The third step will be to adapt the generic model to a specific language described by its places of articulation and a speaker described by anatomical points. This model can be used in conjunction with multilingual acoustic synthesis, or as input for acoustic simulations.
References
[1] Do, P., Coler, M., Dijkstra, J. and Klabbers, E. 2023. Strategies in Transfer Learning for Low-Resource Speech Synthesis: Phone Mapping, Features Input, and Source Language Selection. 12th ISCA Speech Synthesis Workshop (SSW2023) (2023), 21–26.
[2] Farnetani, E. and Recasens, D. 2010. Coarticulation and Connected Speech Processes. The Handbook of Phonetic Sciences: Second Edition. 316–352.
[3] Isaieva, K., Laprie, Y., Leclère, J., Douros, I., Felblinger, J. and Vuissoz, P.-A. 2021. Multimodal dataset of real-time 2D and static 3D MRI of healthy French speakers. Scientific Data. 8, (2021).
[4] Ribeiro, V., Isaieva, K., Leclere, J., Vuissoz, P.-A. and Laprie, Y. 2022. Automatic generation of the complete vocal tract shape from the sequence of phonemes to be articulated. Speech Communication. 141, (Apr. 2022), 1–13.
Skills
Technical skills and level required :
The applicant should have a solid background in deep learning, applied mathematics and computer sciences. Knowledge in speech and MRI processing will be also appreciated.
Languages : English
Benefits package
- Subsidized meals
- Partial reimbursement of public transport costs
- Leave: 7 weeks of annual leave + 10 extra days off due to RTT (statutory reduction in working hours) + possibility of exceptional leave (sick children, moving home, etc.)
- Possibility of teleworking (after 6 months of employment) and flexible organization of working hours
- Professional equipment available (videoconferencing, loan of computer equipment, etc.)

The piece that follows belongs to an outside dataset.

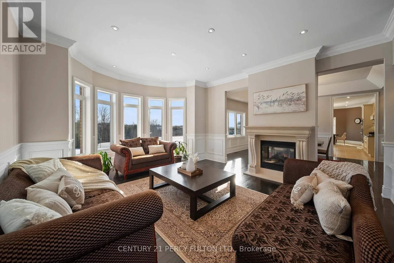 Brock Rd & 9th Concession Rd Welcome to an extraordinary custom estate in the heart of Claremont-one of Pickering's most exclusive and tightly held communities. Set on a private lot just under 1 acre at the end of a prestigious court, this 7,956 SF residence offers unmatched scale, privacy, and refined living. Nearly $450,000 in recent renovations elevate the property, including a newly constructed crescent driveway accommodating up to 20 vehicles, an oversized 4-car garage with upgraded doors, professional landscaping, and two tiers of custom decks with glass railings and privacy screening overlooking the expansive grounds.Inside, timeless architecture is paired with modern luxury. The main level showcases wainscoting, custom millwork, and an executive office with hand-built shelving. An oversized chef's kitchen anchors the home with extensive cabinetry and prep space, seamlessly connecting to the family and dining rooms through a dramatic double-sided stone gas fireplace. Four generous bedroom suites-each with its own private ensuite-provide exceptional comfort, while the primary suite offers a grand retreat with a luxurious 7-piece spa bath and extensive closet space.The lower level redefines expectations, offering over 4,000 SF of bright, above-grade-feeling space with high ceilings, wall-to-wall windows, and large bedroom suites ideal for extended family or multi-generational living. An additional unfinished area of nearly 1,000 SF allows endless possibilities for a future suite, gym, studio, or workshop.Located in a tight-knit, family-friendly enclave surrounded by scenic trails, parks, and everyday amenities, and minutes to Old Elm GO and Hwy 407, this estate delivers exceptional craftsmanship, space, and lifestyle in one of Durham Region's most coveted neighbourhoods. (id:27476)
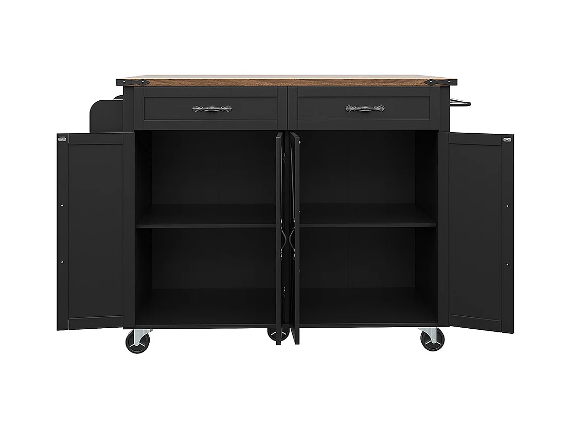 Buffet îlot de cuisine noir avec plan de travail coulissant veinure bois 4 portes 2 tiroirs meuble de rangement multifonction moderne

- Social, cultural and sports events and activities
- Access to vocational training
- Social security coverage
Remuneration
€2200 gross/month
General Information
- Theme/Domain :
Language, Speech and Audio
Scientific computing (BAP E) - Town/city : Villers lès Nancy
- Inria Center : Centre Inria de l'Université de Lorraine
- Starting date : 2025-10-01
- Duration of contract : 3 years
- Deadline to apply : 2025-03-26
Warning : you must enter your e-mail address in order to save your application to Inria. Applications must be submitted online on the Inria website. Processing of applications sent from other channels is not guaranteed.
Instruction to apply
Defence Security :
This position is likely to be situated in a restricted area (ZRR), as defined in Decree No. 2011-1425 relating to the protection of national scientific and technical potential (PPST).Authorisation to enter an area is granted by the director of the unit, following a favourable Ministerial decision, as defined in the decree of 3 July 2012 relating to the PPST. An unfavourable Ministerial decision in respect of a position situated in a ZRR would result in the cancellation of the appointment.
Recruitment Policy :
As part of its diversity policy, all Inria positions are accessible to people with disabilities.
Contacts
- Inria Team : MULTISPEECH
-
PhD Supervisor :
Laprie Yves / yves.laprie@loria.fr
About Inria
Inria is the French national research institute dedicated to digital science and technology. It employs 2,600 people. Its 200 agile project teams, generally run jointly with academic partners, include more than 3,500 scientists and engineers working to meet the challenges of digital technology, often at the interface with other disciplines. The Institute also employs numerous talents in over forty different professions. 900 research support staff contribute to the preparation and development of scientific and entrepreneurial projects that have a worldwide impact.